Hi everyone, I need a drive belt for my mini lathe, it is a cheap mini lathe from china and it does not have a brand or a name, the broken belt measures 12 inches long.
I am not sure if this is a item that you can get at a harbor freight or grizzly store or another store like those, anyway if there is someone out there that can get one for me I will pay for the belt and or trade for some nice curly Koa pen blanks.  Thanks and aloha.

Chris "Kalai"


----------



## hunter-27 (Jan 22, 2011)

http://www.beltsforanything.com/site1.php  call them, they will hook you up.


----------



## Ankrom Exotics (Jan 23, 2011)

Take the broken belt to your local auto parts store.
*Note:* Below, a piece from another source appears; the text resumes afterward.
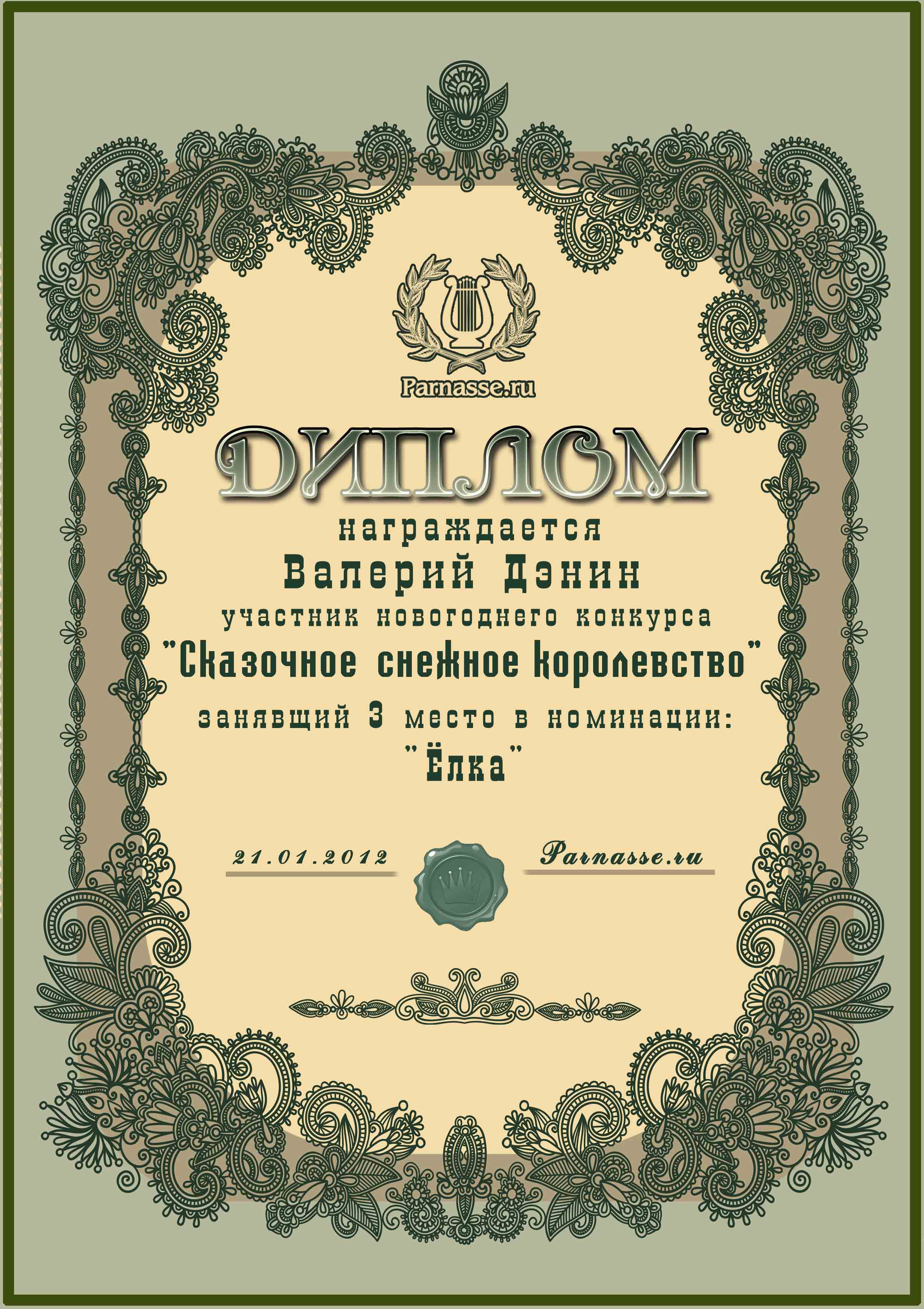 Диплом за 3 место в конкурсе "Сказочное снежное королевство!"

They should be able to order a replacement.


----------



## TellicoTurning (Jan 23, 2011)

hunter-27 said:


> http://www.beltsforanything.com/site1.php  call them, they will hook you up.



Another vote for these folks... call them, give them the dimensions or if it has a name on the belt, They can about match anything you need, for a very good price and have it in your mailbox in 3 days.

I bought 3 belts for my Jet1014, including shipping, for less than Jet wanted for one...excluding shipping.


----------



## aggromere (Jan 23, 2011)

I checked the beltsforanything web site.  How do you find the belts for the jet 1014.  I need to get a couple of spare belts but can't figure out what category to search in, or are they special order?


----------



## Chthulhu (Jan 23, 2011)

Peter, according to their manuals the 1014 and 1014 VS both use a 260J ribbed v-belt; try searching for that.


----------



## jaywood1207 (Jan 23, 2011)

If you can't find the belt like was the case for mine then another option is a large O Ring.  Worked for me and is still working on my back up lathe.


----------



## Woodlvr (Jan 23, 2011)

Chris  I called them on a Monday morning and received my belts on Wed afternoon. Great people to work with.


----------



## Kalai (Jan 24, 2011)

Hi everyone, thanks, I will give them a call and see if I can get a few belts for my lathe.  Aloha and Mahalo nui loa.

Chris "Kalai"


----------